== Data segment ==

○ ○ ○ ○

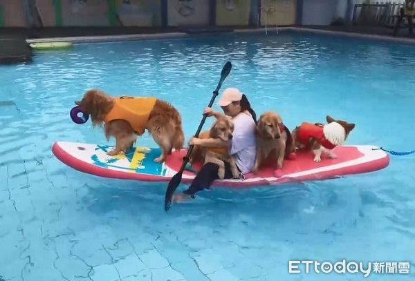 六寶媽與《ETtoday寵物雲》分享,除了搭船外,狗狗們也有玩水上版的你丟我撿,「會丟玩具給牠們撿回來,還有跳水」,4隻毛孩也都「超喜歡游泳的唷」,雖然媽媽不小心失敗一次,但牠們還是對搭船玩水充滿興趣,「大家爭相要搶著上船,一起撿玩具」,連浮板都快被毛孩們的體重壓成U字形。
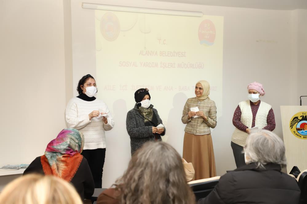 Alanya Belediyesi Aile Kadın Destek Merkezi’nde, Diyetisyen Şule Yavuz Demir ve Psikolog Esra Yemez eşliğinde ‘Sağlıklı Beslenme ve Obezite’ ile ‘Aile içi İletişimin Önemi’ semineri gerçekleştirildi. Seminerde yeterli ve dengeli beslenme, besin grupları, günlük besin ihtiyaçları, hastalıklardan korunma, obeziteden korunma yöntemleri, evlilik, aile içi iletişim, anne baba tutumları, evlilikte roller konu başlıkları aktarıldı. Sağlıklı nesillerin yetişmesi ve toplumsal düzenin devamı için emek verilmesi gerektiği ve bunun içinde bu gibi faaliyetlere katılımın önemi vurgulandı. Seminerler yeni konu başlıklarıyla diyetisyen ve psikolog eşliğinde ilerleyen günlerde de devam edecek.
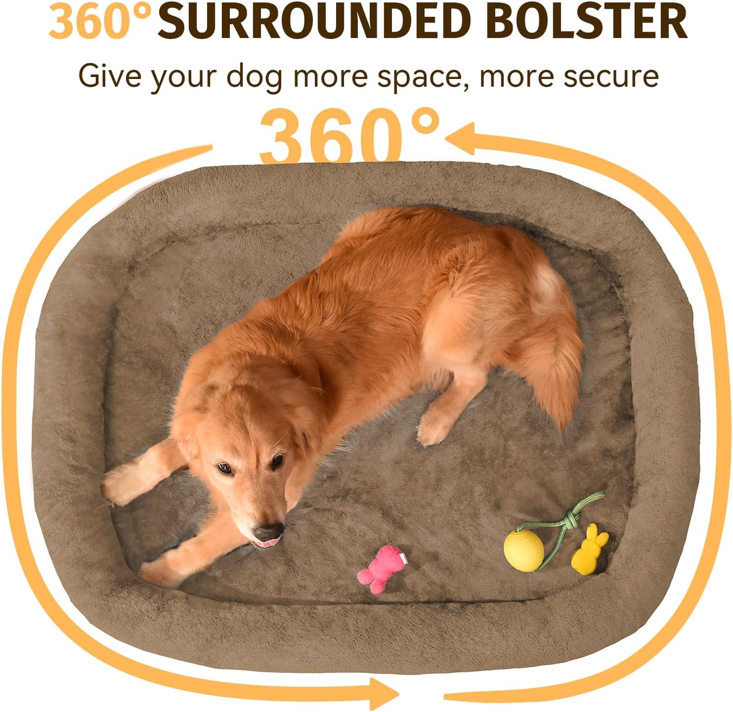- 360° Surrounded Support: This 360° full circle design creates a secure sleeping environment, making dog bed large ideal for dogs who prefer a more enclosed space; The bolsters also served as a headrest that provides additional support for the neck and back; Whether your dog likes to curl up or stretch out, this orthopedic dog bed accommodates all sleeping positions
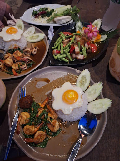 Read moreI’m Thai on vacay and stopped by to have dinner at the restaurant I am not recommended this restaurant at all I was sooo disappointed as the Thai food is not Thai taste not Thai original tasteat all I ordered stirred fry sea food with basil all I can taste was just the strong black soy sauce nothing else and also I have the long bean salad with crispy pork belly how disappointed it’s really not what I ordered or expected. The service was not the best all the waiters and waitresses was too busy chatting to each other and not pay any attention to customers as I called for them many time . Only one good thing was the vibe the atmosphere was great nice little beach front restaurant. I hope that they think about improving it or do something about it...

○ ○ ○ ○

Print every line of the material above exactly as it reads, skipping the pictures.

 六寶媽與《ETtoday寵物雲》分享,除了搭船外,狗狗們也有玩水上版的你丟我撿,「會丟玩具給牠們撿回來,還有跳水」,4隻毛孩也都「超喜歡游泳的唷」,雖然媽媽不小心失敗一次,但牠們還是對搭船玩水充滿興趣,「大家爭相要搶著上船,一起撿玩具」,連浮板都快被毛孩們的體重壓成U字形。
 Alanya Belediyesi Aile Kadın Destek Merkezi’nde, Diyetisyen Şule Yavuz Demir ve Psikolog Esra Yemez eşliğinde ‘Sağlıklı Beslenme ve Obezite’ ile ‘Aile içi İletişimin Önemi’ semineri gerçekleştirildi. Seminerde yeterli ve dengeli beslenme, besin grupları, günlük besin ihtiyaçları, hastalıklardan korunma, obeziteden korunma yöntemleri, evlilik, aile içi iletişim, anne baba tutumları, evlilikte roller konu başlıkları aktarıldı. Sağlıklı nesillerin yetişmesi ve toplumsal düzenin devamı için emek verilmesi gerektiği ve bunun içinde bu gibi faaliyetlere katılımın önemi vurgulandı. Seminerler yeni konu başlıklarıyla diyetisyen ve psikolog eşliğinde ilerleyen günlerde de devam edecek.
- 360° Surrounded Support: This 360° full circle design creates a secure sleeping environment, making dog bed large ideal for dogs who prefer a more enclosed space; The bolsters also served as a headrest that provides additional support for the neck and back; Whether your dog likes to curl up or stretch out, this orthopedic dog bed accommodates all sleeping positions
 Read moreI’m Thai on vacay and stopped by to have dinner at the restaurant I am not recommended this restaurant at all I was sooo disappointed as the Thai food is not Thai taste not Thai original tasteat all I ordered stirred fry sea food with basil all I can taste was just the strong black soy sauce nothing else and also I have the long bean salad with crispy pork belly how disappointed it’s really not what I ordered or expected. The service was not the best all the waiters and waitresses was too busy chatting to each other and not pay any attention to customers as I called for them many time . Only one good thing was the vibe the atmosphere was great nice little beach front restaurant. I hope that they think about improving it or do something about it...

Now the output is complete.